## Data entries
● ● ● ●
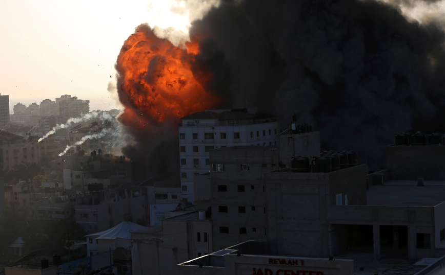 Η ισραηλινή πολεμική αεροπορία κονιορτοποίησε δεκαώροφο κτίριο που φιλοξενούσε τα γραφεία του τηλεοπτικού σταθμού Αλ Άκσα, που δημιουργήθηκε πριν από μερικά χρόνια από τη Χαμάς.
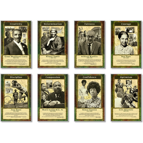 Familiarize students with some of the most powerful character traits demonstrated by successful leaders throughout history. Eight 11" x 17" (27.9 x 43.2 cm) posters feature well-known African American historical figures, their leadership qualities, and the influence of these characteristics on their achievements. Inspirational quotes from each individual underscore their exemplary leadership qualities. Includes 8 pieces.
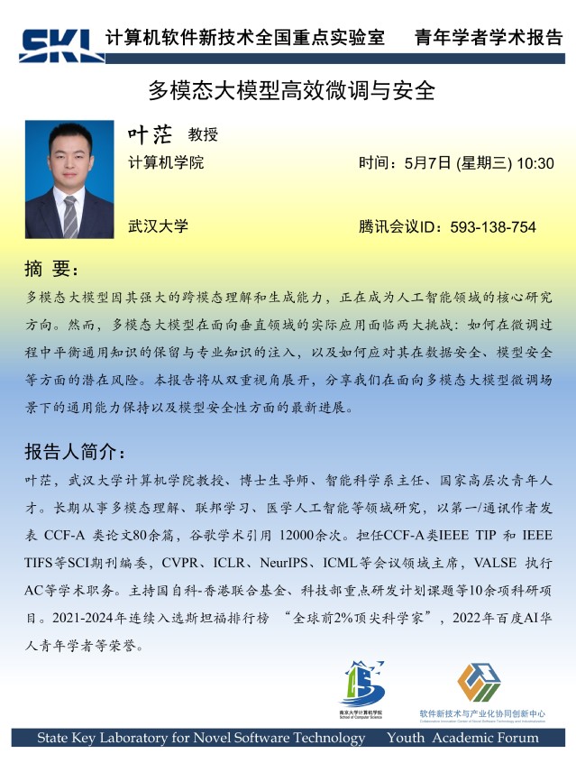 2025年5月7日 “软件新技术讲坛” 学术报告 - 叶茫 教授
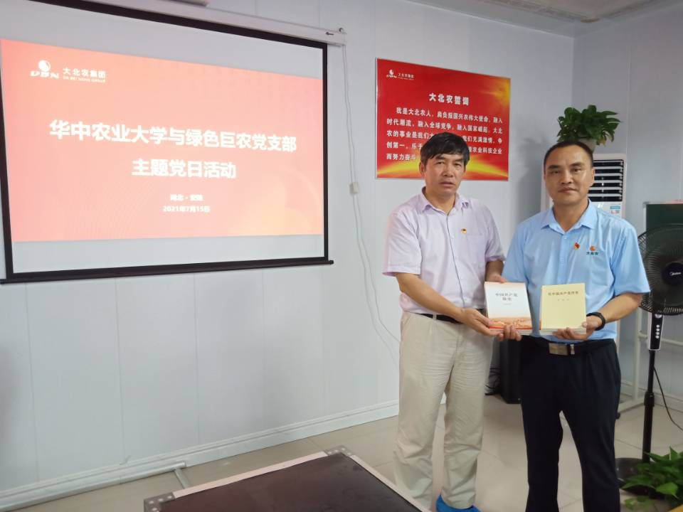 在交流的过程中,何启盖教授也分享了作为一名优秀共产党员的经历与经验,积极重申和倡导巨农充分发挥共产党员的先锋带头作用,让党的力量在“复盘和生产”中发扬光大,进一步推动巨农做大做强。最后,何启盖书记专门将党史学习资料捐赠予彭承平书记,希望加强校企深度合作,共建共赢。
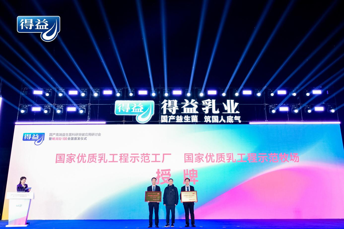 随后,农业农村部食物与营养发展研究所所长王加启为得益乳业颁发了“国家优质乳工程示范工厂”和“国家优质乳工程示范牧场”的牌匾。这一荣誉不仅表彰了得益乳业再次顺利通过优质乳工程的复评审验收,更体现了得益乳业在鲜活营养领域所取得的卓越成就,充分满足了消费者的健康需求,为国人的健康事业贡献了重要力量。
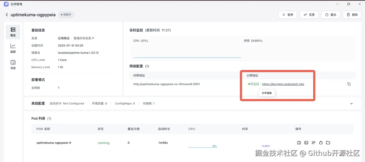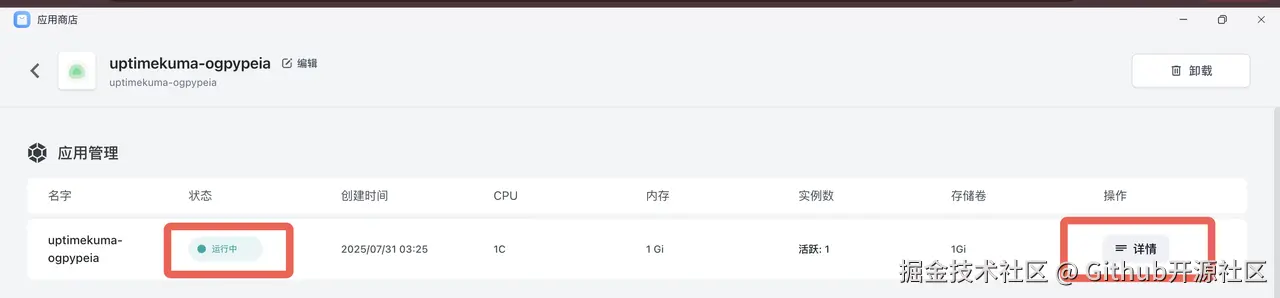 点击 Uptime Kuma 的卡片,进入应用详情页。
● ● ● ●
## YOUR ASSIGNMENT
Restate the data exactly, though only from the line that contains "随后,农业农村部食物与营养发" through its last line, both ends included and with the pictures left out.

## SOLUTION FOR THIS EXERCISE
 随后,农业农村部食物与营养发展研究所所长王加启为得益乳业颁发了“国家优质乳工程示范工厂”和“国家优质乳工程示范牧场”的牌匾。这一荣誉不仅表彰了得益乳业再次顺利通过优质乳工程的复评审验收,更体现了得益乳业在鲜活营养领域所取得的卓越成就,充分满足了消费者的健康需求,为国人的健康事业贡献了重要力量。
 点击 Uptime Kuma 的卡片,进入应用详情页。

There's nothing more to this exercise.